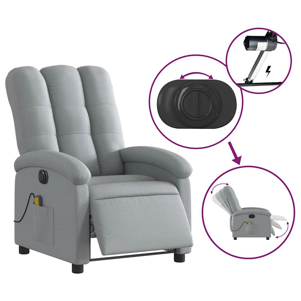 vidaXL Electric Massage Recliner Chair Light Grey Fabric
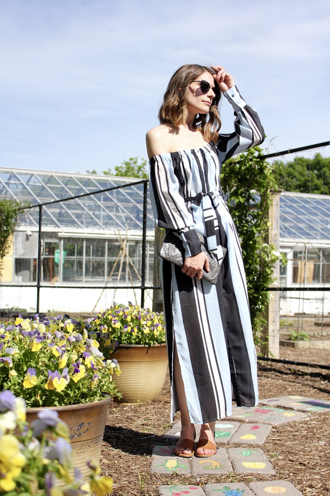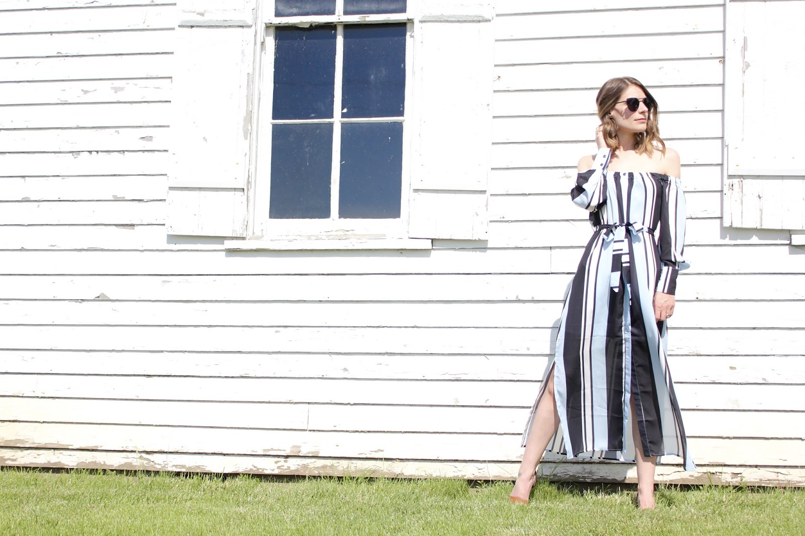 Overall I really do like the dress, this particular striped pattern I’m seeing more and more of right now, plus the long sleeves paired with the off the shoulder look is a nice balance. Currently the dress retails for $36.
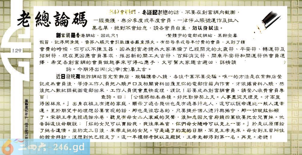 129期:六合皇金句/老总论码/萧公子/林大师/五行夺码/老总信箱截图
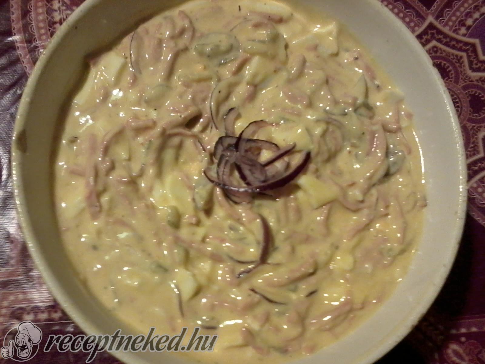 A szeletelt hagymát tálba tesszük, picit megsózzuk és összekeverjük. A maradék tojásokat és fehérjéket apróra vágjuk, és a hagymához keverjük. Hozzáadjuk a reszelt párizsit és az uborkát is, majd összekeverjük a joghurtos majonézzel. Fél órára hűtőbe tesszük, hogy összeérjenek az ízek.
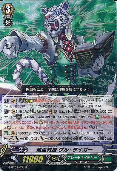 【起】【(V)】:【双闘20000】「腕利き助手 グル・ウルフ」(相手ヴァンガードがグレード3以上なら、このユニットは1度だけドロップゾーンから4枚山札に戻し、山札から指定カードを探し、双闘できる)【起】【(V)】:[あなたの手札からあなたの(V)にいるユニットと同名のカードを1枚選び、捨てる]このユニットが【双闘】しているなら、あなたのリアガードを2枚まで選び、そのターン中、『【自】:あなたのエンドフェイズ中、このユニットが(R)からドロップゾーンに置かれた時、このカードをユニットのいない(R)にコールし、1枚引き、あなたのダメージゾーンから1枚選び、表にする。』を与える。【自】【(V)】:このユニットがヴァンガードにアタックした時、あなたのリアガードを1枚選び、そのターン中、パワー+4000してよい。パワー+4000したら、そのターンの終了時、そのユニットを退却させる。
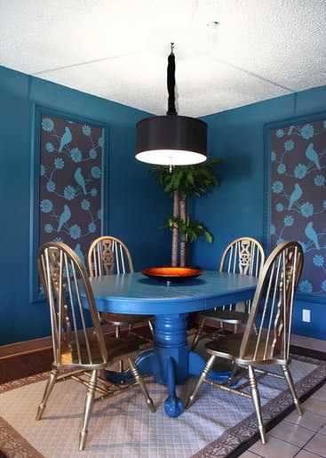 Еще один способ комбинирования обоев — обойные вставки. В этом случае, помещение оклеивается однотонными обоями, а наверх приклеиваются другие обои самых разных форм и цветов. Чаще всего они имеют какую-то яркую текстуру или замысловатый узор. Их граница, как правило, оформляется молдингом, создавая красивую раму. На самом деле, такой способ больше напоминает картину с узором, висящую на стене.
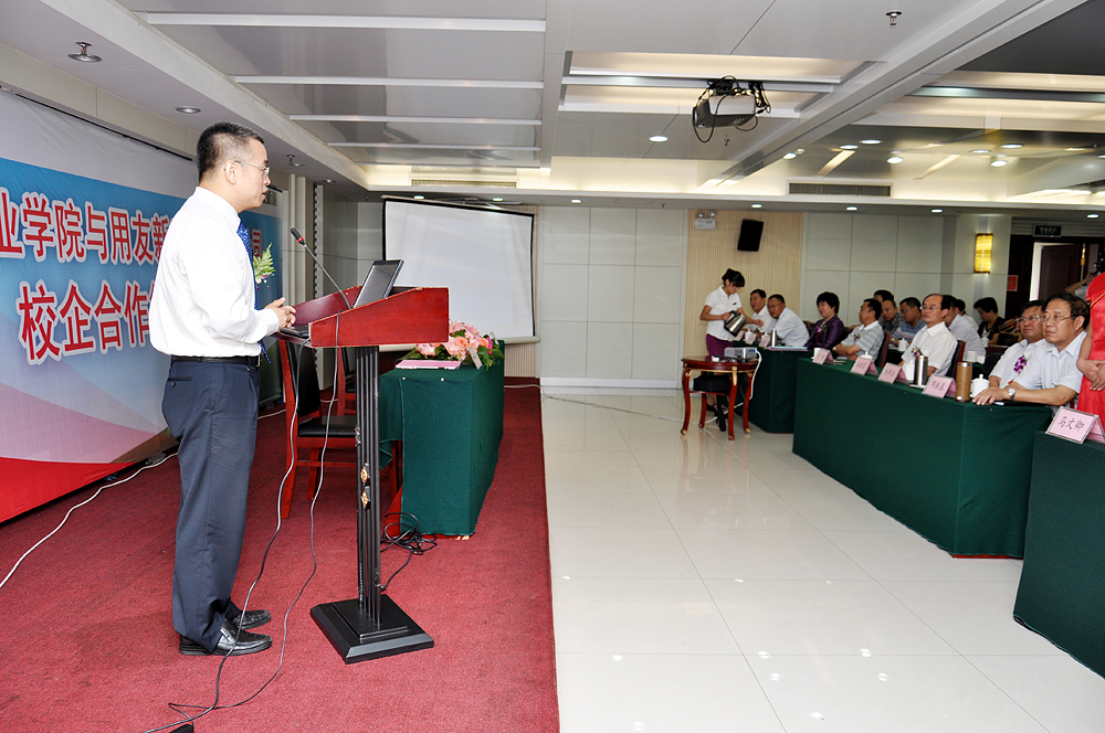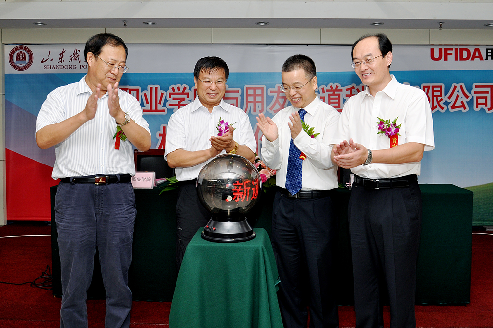 馬文卿在主持儀式時談到,作為國家骨干高職院校建設立項單位,山東職業學院一直秉承“團結、勤奮、求實、創新”的校風,堅持“以服務為宗旨,以質量為核心、以就業為導向”的辦學方針,按照職業教育“開放性、職業性、實踐性”的要求,高度重視學生職業能力的培養,以“校企共建、資源共享”為原則,積極與企業合作建設校內實驗實訓室,建設“投資多元化、產品市場化、管理企業化、學習工作化”的校內生產性實訓基地,共同開發建設校外實訓實習基地,為學生順利就業,零距離上崗提供了保障。馬文卿指出,此次與亞太地區最大的管理軟件和服務提供商用友集團合作,是共進,是雙贏,并衷心祝愿校企合作不斷加深,樹立學院校企合作另一典范。
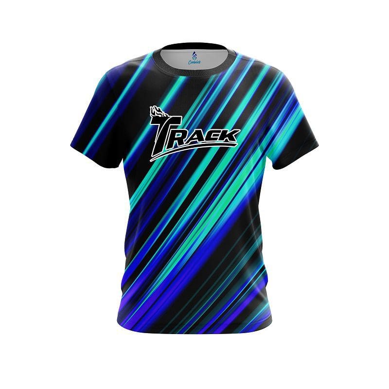 Stay 40% cooler with CoolWick. Our Track Blue And Green Digital Stripe CoolWick Bowling Jerseys are made of two different fabrics with the back being our CoolWick technology fabric that helps wick moisture away and helps air flow more easily through the fibers.
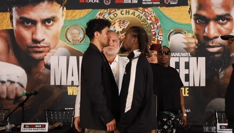เลสเตอร์ มาร์ติเนซ และ อิมมานูเวล อาลีม เดินทางมาถึงคิวชั่งน้ำหนักเป็นคู่แรกในวันศุกร์ โดยทั้งคู่ชั่งน้ำหนักต่ำกว่าเกณฑ์ 168 ปอนด์เล็กน้อย เปิดทางให้การชกชิงตำแหน่งแชมป์เฉพาะกาลแชมป์โลก WBC รุ่นซูเปอร์มิดเดิลเวตที่จะชกกันเช้าวันอาทิตย์นี้เดินหน้าได้ตามกำหนด
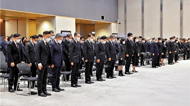 圖:行政長官李家超聯(lián)同各主要官員、行政會(huì)議成員、政策局及部門的首長級(jí)人員在收看江澤民追悼大會(huì)時(shí),共同默哀3分鐘。
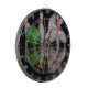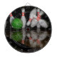 Ein Dartboard mit einem Foto von Bowling-Buttonen.
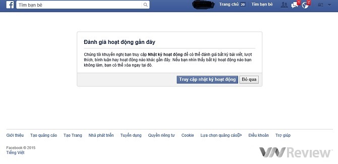 Bước 8: Đến bước thứ tám, người dùng có thể tùy chọn truy cập vào nhật ký hoạt động luôn để theo dõi tình trạng tài khoản sau khi bị hack ra sao hoặc cũng có thể nhấn Bỏ qua để truy cập vào Trang chủ.

__________

**WORK INSTRUCTION:** Pictures do not belong in the copy; repeat the rest of the listing exactly.

**ANSWER FOR THIS EXERCISE:**
 vidaXL Electric Massage Recliner Chair Light Grey Fabric
 Overall I really do like the dress, this particular striped pattern I’m seeing more and more of right now, plus the long sleeves paired with the off the shoulder look is a nice balance. Currently the dress retails for $36.
 129期:六合皇金句/老总论码/萧公子/林大师/五行夺码/老总信箱截图
 A szeletelt hagymát tálba tesszük, picit megsózzuk és összekeverjük. A maradék tojásokat és fehérjéket apróra vágjuk, és a hagymához keverjük. Hozzáadjuk a reszelt párizsit és az uborkát is, majd összekeverjük a joghurtos majonézzel. Fél órára hűtőbe tesszük, hogy összeérjenek az ízek.
 【起】【(V)】:【双闘20000】「腕利き助手 グル・ウルフ」(相手ヴァンガードがグレード3以上なら、このユニットは1度だけドロップゾーンから4枚山札に戻し、山札から指定カードを探し、双闘できる)【起】【(V)】:[あなたの手札からあなたの(V)にいるユニットと同名のカードを1枚選び、捨てる]このユニットが【双闘】しているなら、あなたのリアガードを2枚まで選び、そのターン中、『【自】:あなたのエンドフェイズ中、このユニットが(R)からドロップゾーンに置かれた時、このカードをユニットのいない(R)にコールし、1枚引き、あなたのダメージゾーンから1枚選び、表にする。』を与える。【自】【(V)】:このユニットがヴァンガードにアタックした時、あなたのリアガードを1枚選び、そのターン中、パワー+4000してよい。パワー+4000したら、そのターンの終了時、そのユニットを退却させる。
 Еще один способ комбинирования обоев — обойные вставки. В этом случае, помещение оклеивается однотонными обоями, а наверх приклеиваются другие обои самых разных форм и цветов. Чаще всего они имеют какую-то яркую текстуру или замысловатый узор. Их граница, как правило, оформляется молдингом, создавая красивую раму. На самом деле, такой способ больше напоминает картину с узором, висящую на стене.
 馬文卿在主持儀式時談到,作為國家骨干高職院校建設立項單位,山東職業學院一直秉承“團結、勤奮、求實、創新”的校風,堅持“以服務為宗旨,以質量為核心、以就業為導向”的辦學方針,按照職業教育“開放性、職業性、實踐性”的要求,高度重視學生職業能力的培養,以“校企共建、資源共享”為原則,積極與企業合作建設校內實驗實訓室,建設“投資多元化、產品市場化、管理企業化、學習工作化”的校內生產性實訓基地,共同開發建設校外實訓實習基地,為學生順利就業,零距離上崗提供了保障。馬文卿指出,此次與亞太地區最大的管理軟件和服務提供商用友集團合作,是共進,是雙贏,并衷心祝愿校企合作不斷加深,樹立學院校企合作另一典范。
 Stay 40% cooler with CoolWick. Our Track Blue And Green Digital Stripe CoolWick Bowling Jerseys are made of two different fabrics with the back being our CoolWick technology fabric that helps wick moisture away and helps air flow more easily through the fibers.
เลสเตอร์ มาร์ติเนซ และ อิมมานูเวล อาลีม เดินทางมาถึงคิวชั่งน้ำหนักเป็นคู่แรกในวันศุกร์ โดยทั้งคู่ชั่งน้ำหนักต่ำกว่าเกณฑ์ 168 ปอนด์เล็กน้อย เปิดทางให้การชกชิงตำแหน่งแชมป์เฉพาะกาลแชมป์โลก WBC รุ่นซูเปอร์มิดเดิลเวตที่จะชกกันเช้าวันอาทิตย์นี้เดินหน้าได้ตามกำหนด
 圖:行政長官李家超聯(lián)同各主要官員、行政會(huì)議成員、政策局及部門的首長級(jí)人員在收看江澤民追悼大會(huì)時(shí),共同默哀3分鐘。
 Ein Dartboard mit einem Foto von Bowling-Buttonen.
 Bước 8: Đến bước thứ tám, người dùng có thể tùy chọn truy cập vào nhật ký hoạt động luôn để theo dõi tình trạng tài khoản sau khi bị hack ra sao hoặc cũng có thể nhấn Bỏ qua để truy cập vào Trang chủ.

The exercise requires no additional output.